Hayley Gaberlavage

I feel bad about sometimes being so behind on discovering new things around town. The work of Hayley Gaberlavage, is one of those times when I regret not learning about her sooner.


I feel bad about sometimes being so behind on discovering new things around town. The work of Hayley Gaberlavage, is one of those times when I regret not learning about her sooner.


I’ll never forget the first time I saw a photo of Hayley standing in the middle of her Magazine Street gallery/workspace. My eyes were bugging like Ren (not stumpy) while staring into what could have been confused with a Wallpaper Magazine spread from before Katrina. I was quickly able to pull focus away from her interior space and focus on the fantastically unique painted portraits that adorned her walls. I couldn’t wait to learn more about this Mies Van der Rohe loving and terribly talented artist.

It’s hard to explain the feeling and emotion that humans feel when they come across something so unique and interesting. The same reaction I had to seeing my first Elliott Erwitt urban photographs, or some of Mark Seliger’s early Rolling Stone work, was right in-line with my first interaction with Hayley’s work. To be perfectly honest, Hayley’s work in regards to photography, reminds me very much of William Eggleston’s greatest works in color photography.

I’m especially in love with her portraits. As I can imagine, most artists begin a portrait with some sort of inspiration in mind and/or in hand. Be it a photograph, or still from a film, or a distinct memory from the past. Where Hayley excels in my opinion is her ability to capture and transmit that person(s) best available expression within that moment in time. She improvs her way to imagining and locking in that moment with each stroke.

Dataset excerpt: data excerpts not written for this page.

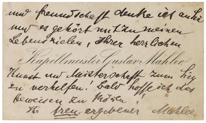 Business card Kapellmeister Gustav Mahler (1860-1911). Printed visiting card signed and inscribed
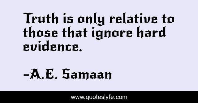 This page presents the quote "Truth is only relative to those that ignore hard evidence.". Author of this quote is A.E. Samaan. This quote is about moral-relativism, truth, relativism, evidence, history, comprehension, truth-telling, understanding, comprehending,.
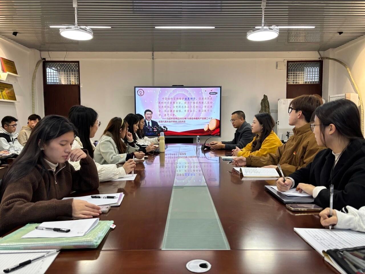 党委副书记邓战军在综合楼中区404会议室为在校学生党员讲授题为《在构建人类命运共同体背景下,浅谈中日关系变化与思考》的党课,部分在校学生党员参加。(通讯员 黎秀文)

During my visit with Hayley, while chatting about life, music, and of course mid-century furniture, I looked around and realized the one element that truly sets her work apart…it’s her calculated use of mostly solid yet perfectly contrasting backgrounds. Like many of the great portrait photographs captured in time, it’s the background to foreground separation that gives them that true to life effect. Hayley’s technique and brilliantly simple use of contrast, sends me over the moon.